- Born: March 16, 1974 (age 52) Japan
- Occupation: Freelance journalist
- Known for: Being taken hostage by Hayat Tahrir al-Sham

= Junpei Yasuda =

Japanese journalist

Junpei Yasuda (安田 純平, Yasuda Junpei) or Jumpei Yasuda is a Japanese freelance journalist who has reported from countries in the Middle East, including Iraq, Syria and Afghanistan. He has twice been kidnapped while reporting and was thought to have been taken hostage by Hayat Tahrir al-Sham in Syria for three years before being released on October 23, 2018.

== History ==

=== Iraq ===
In April 2004, Yasuda was kidnapped on suspicion of spying by locals in Iraq, but was released after three days without any demand and statement.

=== Syria kidnapping ===
Yasuda went missing while reporting from Syria between June 20–23, 2015. He was believed to have been kidnapped by Hayat Tahrir al-Sham.

On March 17, 2016, Yasuda appeared in a video believed have been recorded the previous day.

On July 6, 2018, Yasuda appeared in a video released by Nippon News Network, who obtained the video from a person connected to Hay'at Tahrir al-Sham. The video appeared to be recorded in October 2017.

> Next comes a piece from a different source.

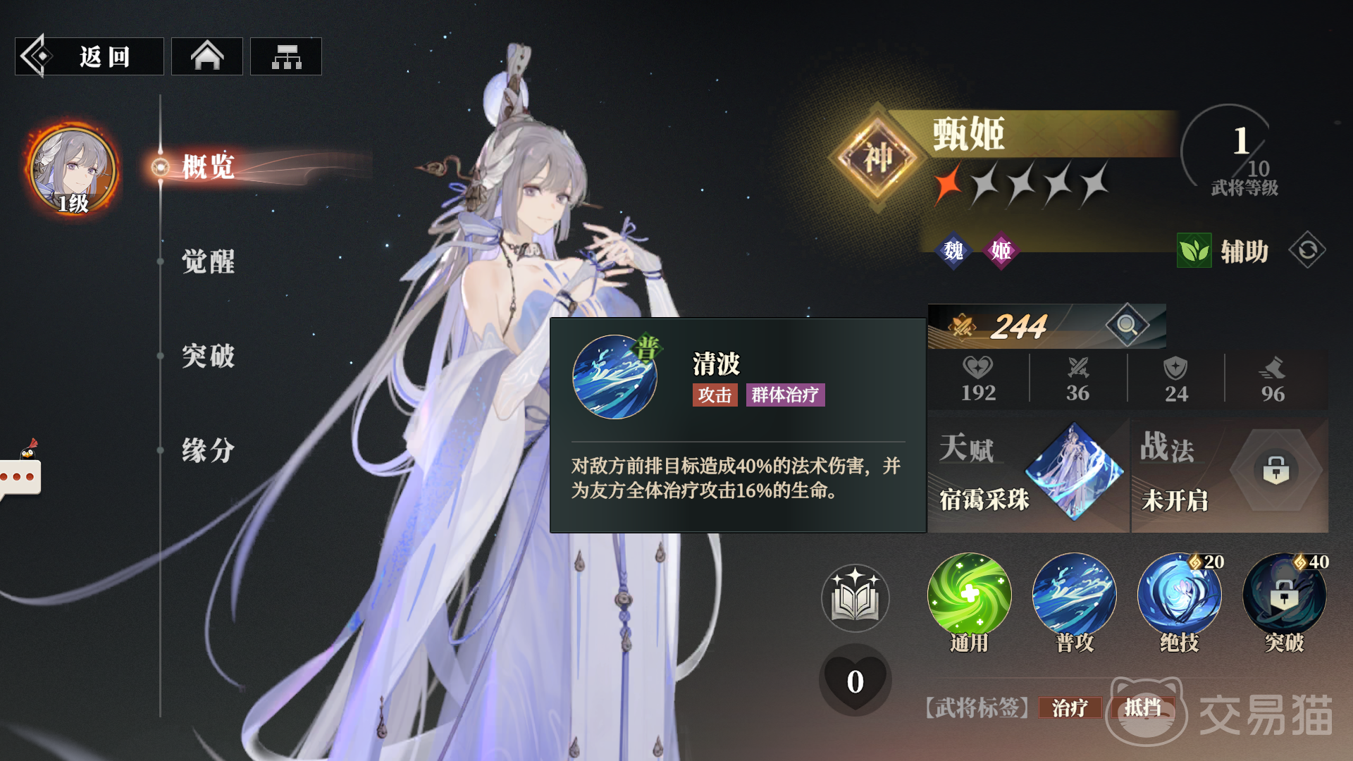 通用效果“复苏”,让她获取10点战意,并让己方队友获得复苏效果。普通攻击“清波”,会让敌方前排单位受到40%的法术伤害,并给己方全体队友展开治疗,治疗效果是自身攻击力16%的生命值。
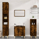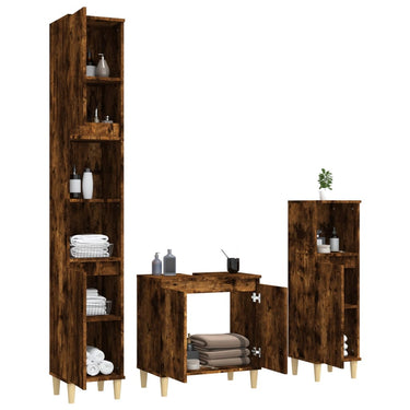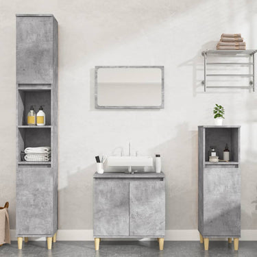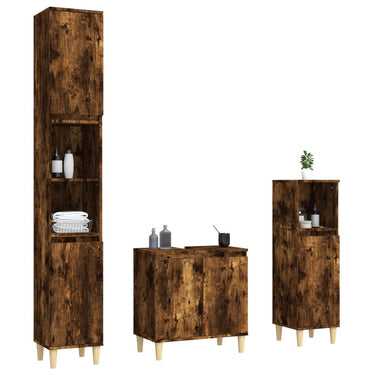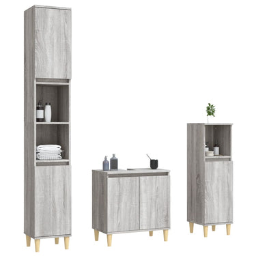 Cet ensemble de meubles de salle de bain, avec un espace de rangement spacieux, est un excellent supplément à votre salle de bain, ce qui lui donne une apparence ordonnée et saisissante ! Matériau durable : le bois d'ingénierie est d'une qualité exceptionnelle avec une surface lisse et présente également résistance, stabilité et résistance à l'humidité.Grand espace de rangement : ces armoires de salle de bain offrent un grand espace de rangement pour garder vos fournitures de salle de bain bien organisées.Pieds en bois : les pieds en bois d'eucalyptus massif donnent au meuble de salle de bain un aspect naturel et agréable tout en assurant la stabilité.Surface facile à nettoyer : l'ensemble de salle de bain est facile à nettoyer avec un chiffon humide.Design élégant : les lignes épurées et le design élégant se fondent parfaitement dans votre salle de bain. Attention :Pour éviter qu'il ne soit renversé, ce produit doit être utilisé avec le dispositif de fixation au mur fourni. Bon à savoir :Les vis et les chevilles pour l'intérieur du mur ne sont pas incluses. Nous vous conseillons de trouver et d'utiliser des vis et des chevilles adaptées spécifiquement à vos murs. Si vous n'êtes pas sûr, vous pouvez consulter un professionnel. Veuillez lire et suivre chaque étape des instructions.

On August 1, 2018, Yasuda appeared in another hostage video, in which he stated the date of recording as July 25. He said in the video "My name is Umaru and I'm South Korean." in Japanese.

On October 23, 2018, Yasuda was released in Antakya and in a brief video statement released by Turkish officials stated "My name is Junpei Yasuda, Japanese journalist. I have been held in Syria for 40 months, now in Turkey. Now I'm in safe condition. Thank you very much". Yasuda left Istanbul for Tokyo the day after his release. It's reported on October 25, 2018 that agents from the International Counter-Terrorism Intelligence Collection Unit (ICTICU) played a role in securing his release.

In November 2018, a Canadian citizen who was held hostage in Syria alongside Yasuda claimed they were held by Hayat Tahrir al-Sham. He said they were both held at the same facility in small cells indicating that they suffered beatings and were fed rotten food.